敷地内禁煙

禁煙外来を行っている当院は、当然、「敷地内禁煙」です。

しかしそのように掲示していても、毎朝掃除のときに、駐車場の片隅でタバコの吸い殻を数本発見します。

診察をお待たせしたのは申し訳ありませんが、敷地内禁煙なので、せめて自分の車で吸ってほしいものです。

そして吸い殻は、車の灰皿に入れていただきたい。

そんなことは常識的なマナーだと思うのですが、(一部の)喫煙者は、吸い殻をポイ捨てするんですよね。

マナー違反が喫煙者のごく一部だとしても、その不快な行為が、喫煙者全体を嫌悪させることになるのです。

いま、受動喫煙を防止するための法案が議論されていますが、ポイ捨てについても厳しく規制してもらいたい。

たばこは、たとえば小さな子どもが誤食したら、急性ニコチン中毒で致命的な結果をもたらす場合があります。

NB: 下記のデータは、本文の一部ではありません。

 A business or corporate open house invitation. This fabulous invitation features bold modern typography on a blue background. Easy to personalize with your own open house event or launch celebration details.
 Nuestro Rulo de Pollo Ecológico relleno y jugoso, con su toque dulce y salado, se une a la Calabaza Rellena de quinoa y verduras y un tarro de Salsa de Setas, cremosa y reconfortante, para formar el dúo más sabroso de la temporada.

胃酸があるので吸収されにくく、意外と安全だという理屈もありますが、それは楽観的です。

同時に摂った飲食物等の影響によっては、ニコチンが急速に吸収されてしまう可能性を考慮すべきです。

つまり、たばこは毒薬。吸い殻のポイ捨ては、毒物を公共の場所に遺棄・放置することなのです。

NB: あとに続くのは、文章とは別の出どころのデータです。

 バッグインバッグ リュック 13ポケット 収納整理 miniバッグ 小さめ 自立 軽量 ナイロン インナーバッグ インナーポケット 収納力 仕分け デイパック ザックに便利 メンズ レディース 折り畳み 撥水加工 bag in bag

年に1回か2回、自宅で子どもがたばこを食べてしまった、という親御さんからの電話相談を受けます。

お子さんのために、迅速かつ適切な対応をするのは医者として当然としても、心底ガッカリする話です。

たばこの管理が悪かったと親はしきりに反省しますが、子どものいる家庭での喫煙自体が犯罪行為なのです。

「従業員のいる飲食店は原則禁煙」という、国よりもずっと進んだ姿勢を、東京都の条例案では示しています。

それが、未成年を含む非喫煙者従業員を保護する目的であるのなら、もっと踏み込んでみてはどうでしょう。

「未成年者のいる家庭では原則禁煙」

子どもを受動喫煙や誤食の危険から守ることが、街中での受動喫煙対策よりもよっぽど大事だと思うのですが。